INSTRUCTIONS TO FOLLOW
Transcribe word for word each line from the one containing "Office Lady Blazer" to the final line of the data, both included. Skip the pictures.

SOURCE RECORDS

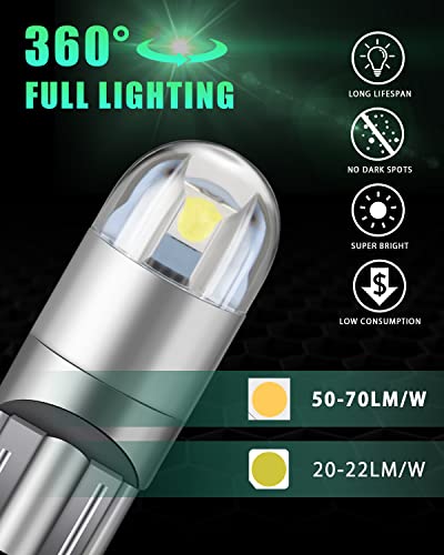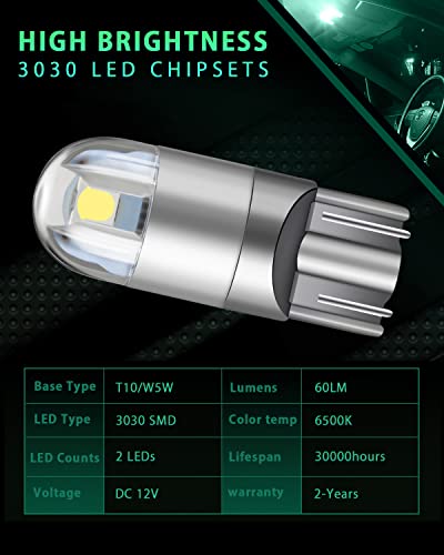 Set van 10 T10 led-lampen: elke lamp heeft 2 stuks van 3030 SMD LED-chips, kan produceren tot 60 Lumen, unieke 360 graden verlichting ontwerp om de helderheid te verbeteren. Werkspanning: DC 12V
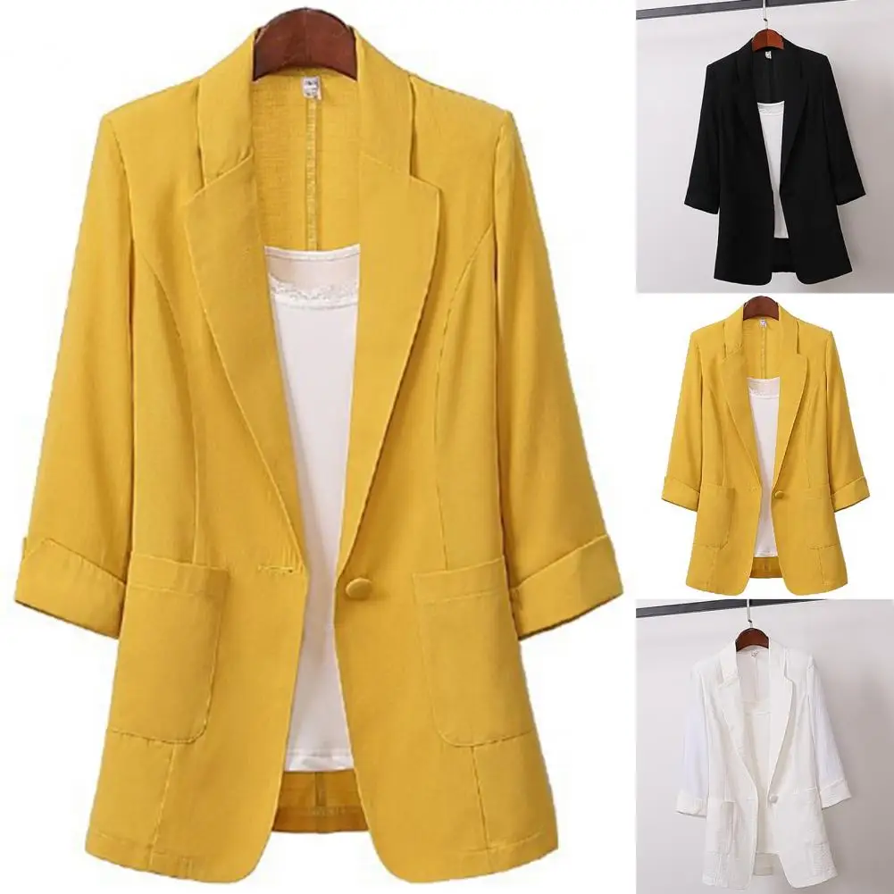 Office Lady Blazer One Button Suits Jacket Solid Color Lapel Blazer
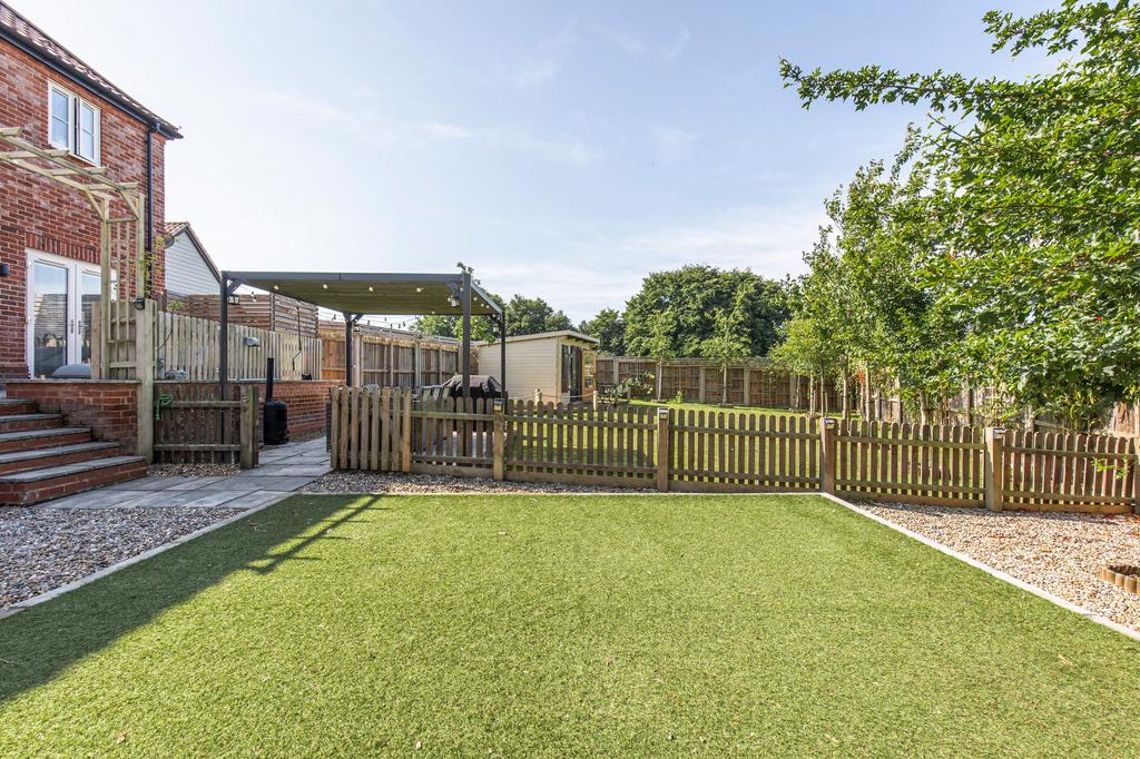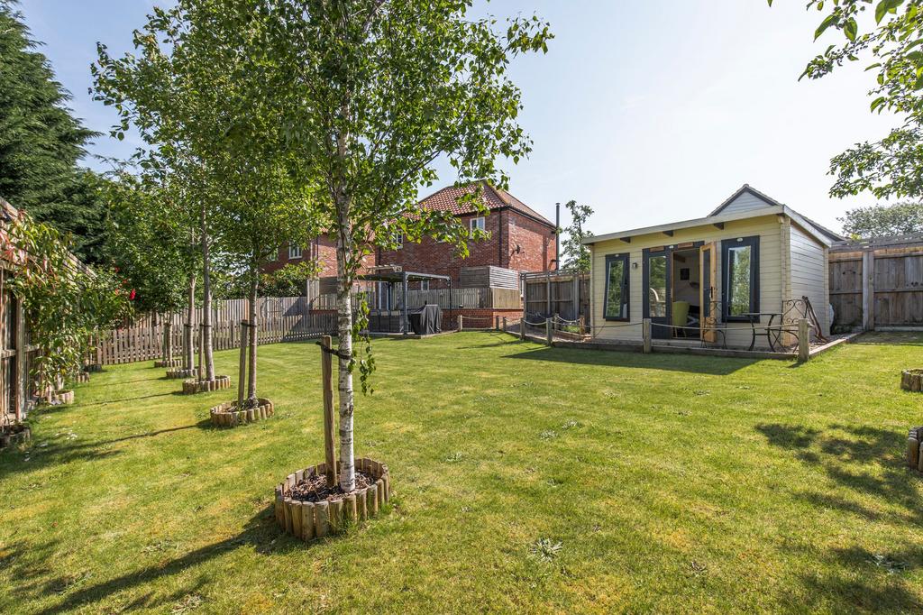 Outside, the property excels further with a large, landscaped garden, perfect for relaxing or entertaining on sunny days. A detached cabin offers endless versatility - home office, studio, or retreat - while the expansive garage provides excellent storage or workshop potential. Situated within easy reach of Holt and the North Norfolk coast, 12 Canon Marcon Way represents a rare opportunity to enjoy village life without compromise.
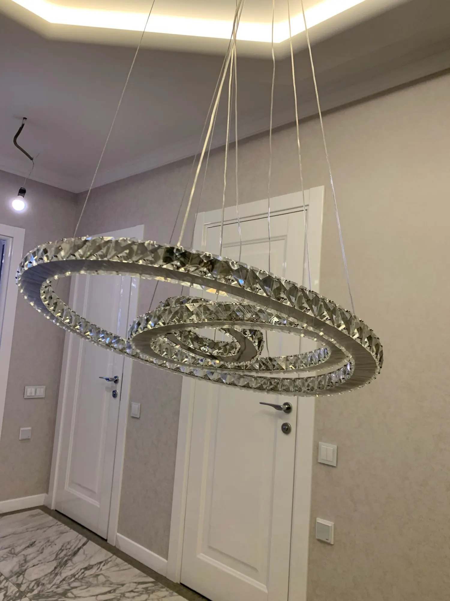 Люстры идеально вписались в интерьер . Продавец предусмотрел запасные хрусталики, поэтому несколько разбитых сразу заменили , длина троса позволяет вешать люстру на высокие потолки . Легкие в установке . Спасибо все понравилось!
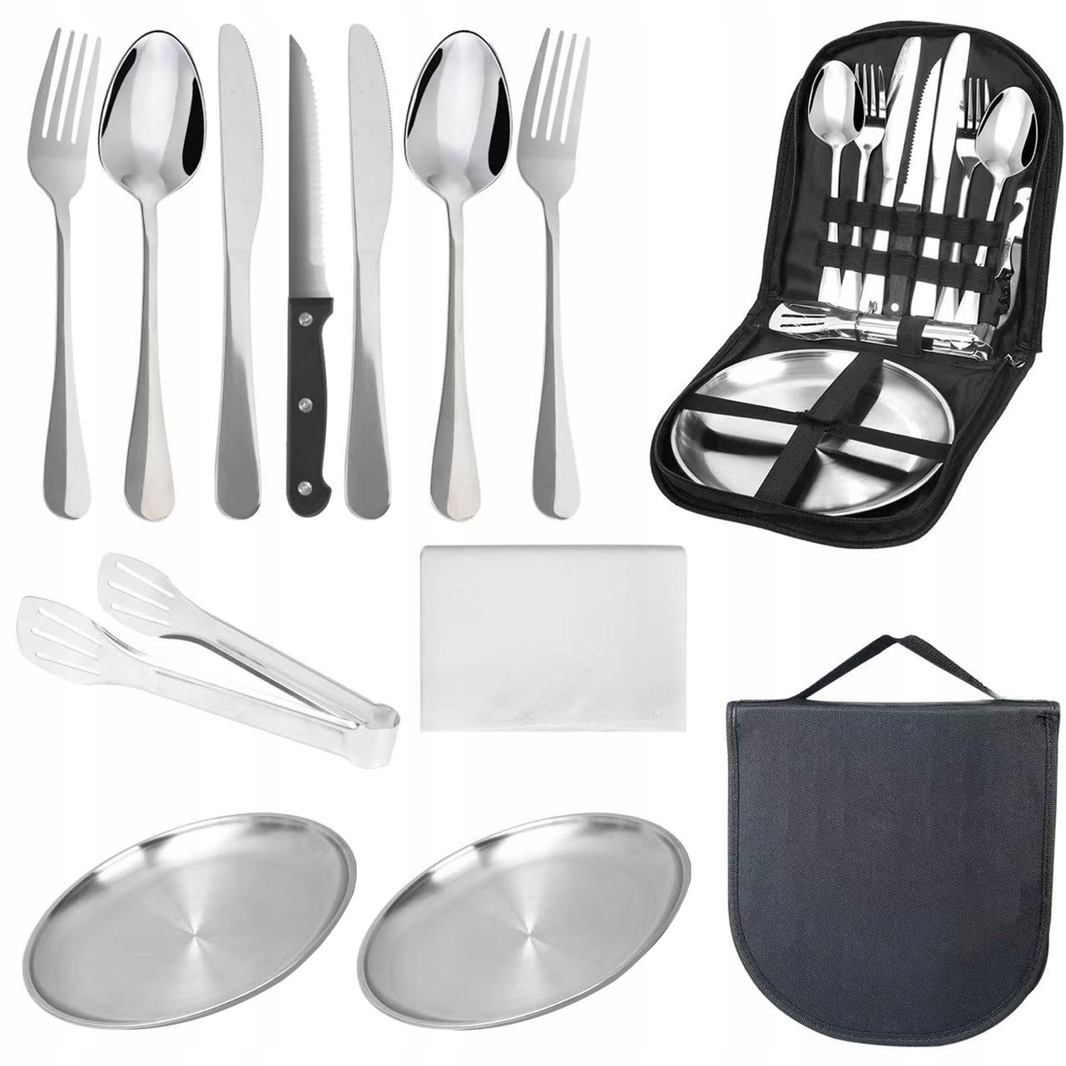 13-częściowy zestaw sztućców kempingowych dla 2 osób, zestaw piknikowy, stalowe widelce, talerze, noże i łyżki, w tym przenośna torba na sztućce, wielokrotnego użytku, trwałe

ANSWER SECTION
 Office Lady Blazer One Button Suits Jacket Solid Color Lapel Blazer
 Outside, the property excels further with a large, landscaped garden, perfect for relaxing or entertaining on sunny days. A detached cabin offers endless versatility - home office, studio, or retreat - while the expansive garage provides excellent storage or workshop potential. Situated within easy reach of Holt and the North Norfolk coast, 12 Canon Marcon Way represents a rare opportunity to enjoy village life without compromise.
 Люстры идеально вписались в интерьер . Продавец предусмотрел запасные хрусталики, поэтому несколько разбитых сразу заменили , длина троса позволяет вешать люстру на высокие потолки . Легкие в установке . Спасибо все понравилось!
 13-częściowy zestaw sztućców kempingowych dla 2 osób, zestaw piknikowy, stalowe widelce, talerze, noże i łyżki, w tym przenośna torba na sztućce, wielokrotnego użytku, trwałe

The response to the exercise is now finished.